1902 Encyclopedia > Aqueduct > Aqueduct in Tusculum, Italy

(Part 3)

Aqueduct in Tusculum, Italy

Of the constructions for the conveyance of water in Italy in early times, there is an example at Tusculum, consisting of an oblong basin divided into several chambers, which received the water of a spring, and then distributed it by pipes (tubi, fistulae) or canals. The basin is built of blocks of stone, which, along the sides, overlap each other, till they meet and form a roof – a principle of building which was afterwards supplanted by vaulting, and which occurs also in the earliest Greek masonry. The pipes were either of lead or baked clay. When the course lay in soil, gullies were cut and conduits of masonry built within them. When rocky ground intervened, tunnels were pierced, and in both cases shafts (spiramen, lumen) were made at intervals of about 240 feet, to admit light and fresh air.

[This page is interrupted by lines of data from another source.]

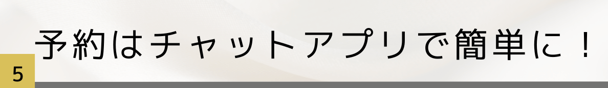 仕事の合間を見つけて、平日の昼間に電話を...なんて手間は不要です!次回の時間の予約や変更は、すべてチャットアプリから行えます。24時間対応の予約システムで、忙しいあなたにも気軽に利用いただけます!
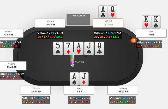 Villain 2 har jeg heller ingen noter på trods 84 hænder. (det er trods alt heller ikke så mange) flatter de 2 bb
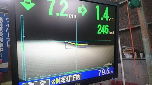 ヘッドランプ光軸なども自社完備の画像解析式ヘッドランプテスター(HID,LEDライトにも対応)にて点検光軸調整を行います。
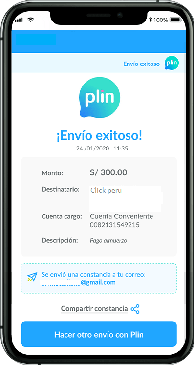 - Recibirás una confirmación en la aplicación Plin una vez que la transacción se haya completado correctamente.
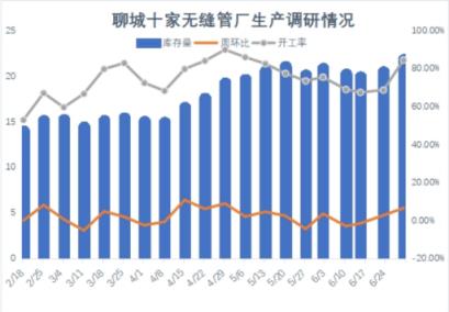 圖3 2022年上半年全國(guó)無(wú)縫管總庫(kù)存及開工率
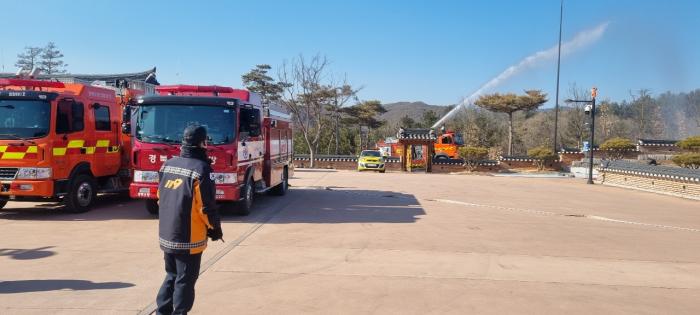 영양군 문화시설사업소는 2월 22일(화) 오후 2시 장계향문화체험교육원에서 화재발생시 교육원 체험객 인명보호, 화재에 취약한 목조 건물 보존 및 훼손을 최소화하기 위한 ‘장계향문화체험교육원&입암119안전센터 소방합동훈련’을 실시했다.
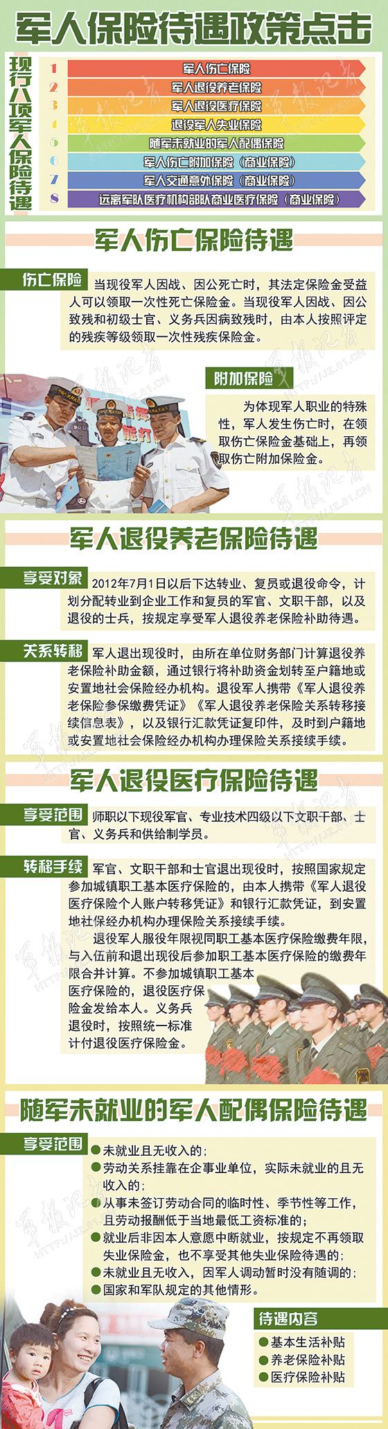据介绍,军人保险是通过国家立法设立专项基金,在军人遇到职业风险、职业连带风险和社会风险损失时,给予军人或其家属的经济补偿,是国家社会保障体系的重要组成部分。目前,现役军人依法享受的军人保险待遇有8项,即:军人伤亡保险、军人伤亡附加保险、军人退役养老保险、军人退役医疗保险、退役军人失业保险、军人交通意外保险、远离军队医疗机构部队商业医疗保险、随军未就业的军人配偶保险。
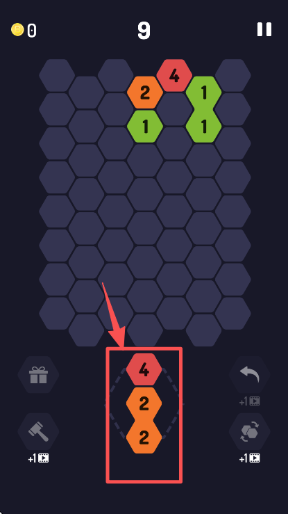 4、观察待放置的数字组合,如 4、2、2,将其拖到棋盘对应位置进行合成。
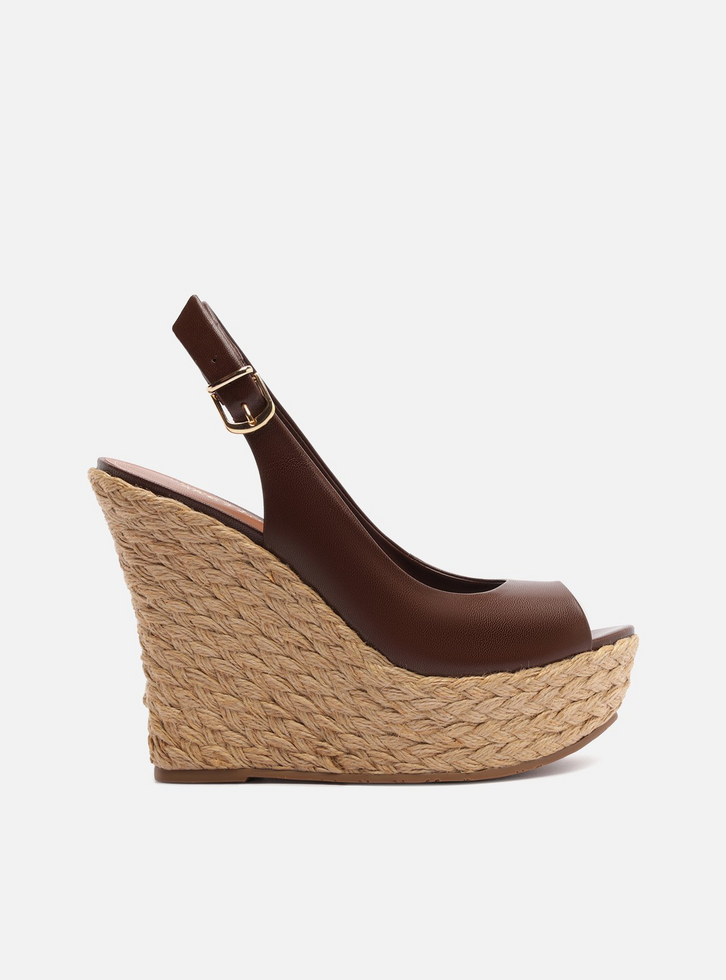 Sandália feminina marrom de couro. O sapato tem salto alto plataforma, revestido em corda trançada, e formato arredondado na ponta. Aberta atrás, possui recorte arredondado no cabedal e ponteira aberta. Possui tira larga contínua ao cabedal, que segue pelas laterais, contorna o calcanhar e fecha em fivela metálica. Com palmilha marrom e inscrição do nome da marca.
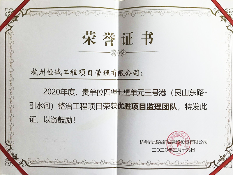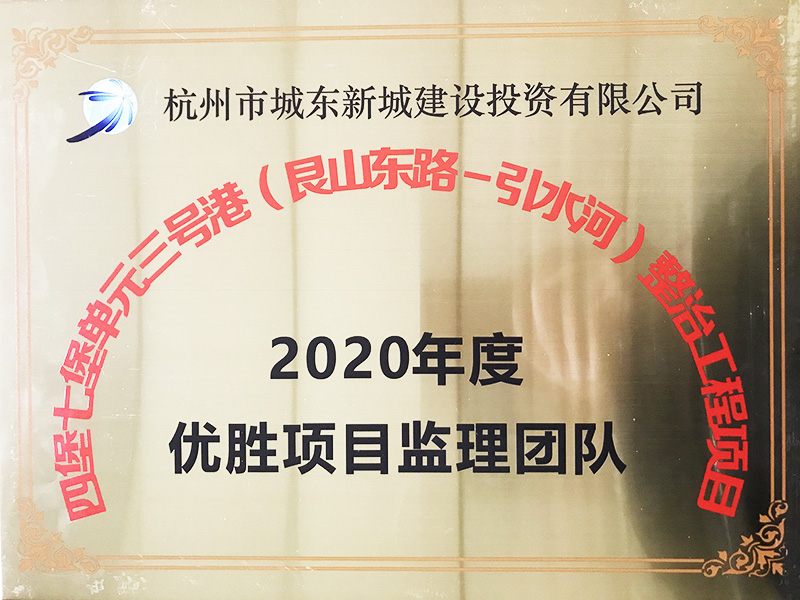 四堡七堡單元三號(hào)港(艮山東路-引水河)整治工程項(xiàng)目榮獲優(yōu)勝項(xiàng)目監(jiān)理團(tuán)隊(duì)
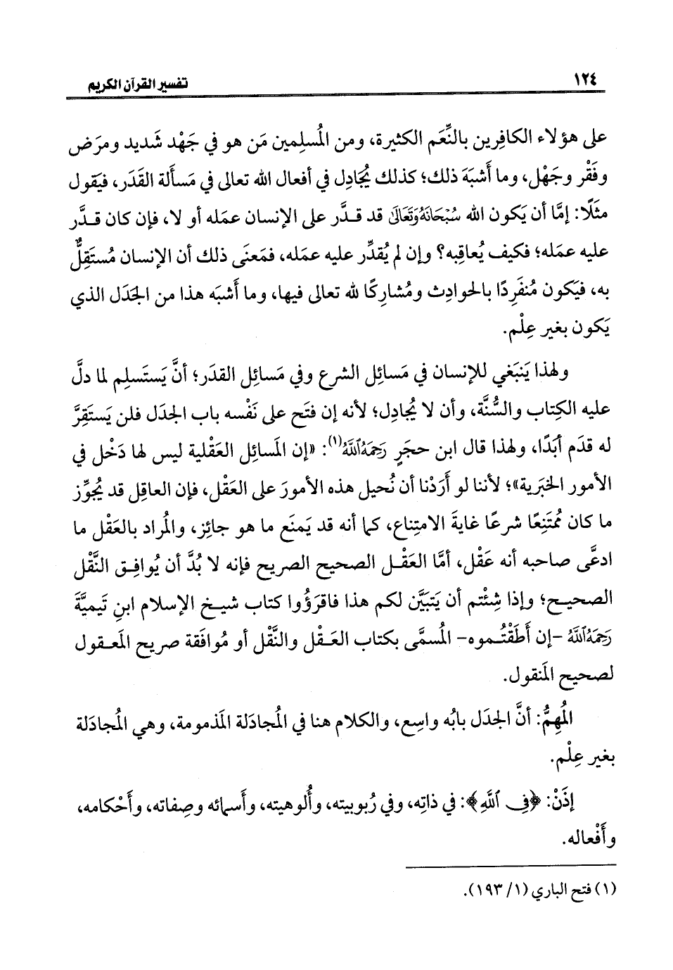 على هؤلاء الكافِرين بالنِّعَم الكثيرة، ومن المُسلِمين مَن هو في جَهْد شَديد ومرَض وفَقْر وجَهْل، وما أَشبَهَ ذلك؛ كذلك يُجادِل في أفعال اللَّه تعالى في مَسأَلة القَدَر، فتقول مثَلًا: إمَّا أن يَكون اللَّه سُبْحَانَهُ وَتَعَالَى قد قدَّر على الإنسان عمَله أو لا، فإن كان قدَّر عليه عمَله؛ فكيف يُعاقِبه؟ وإن لم يُقدِّر عليه عمَله، فمَعنَى ذلك أن الإنسان مُستَقِلٌّ به، فيَكون مُنفَرِدًا بالحوادِث ومُشارِكًا للَّه تعالى فيها، وما أَشبَه هذا من الجدَل الذي يَكون بغير عِلْم.

The inside of the walls of these channels received a coating impervious to water, composed of chalk and crushed fragments of tile. Where the course was interrupted by an inequality in the ground, a vertical pipe (venter) was placed reaching to the surface or above it. The water rushing up this pipe was freshened by contact with the air, and again fell back to the new course which it had to take. Works of this kind, undertaken for the public convenience, were paid for out of the public purse, a tax being levied for the use of the water.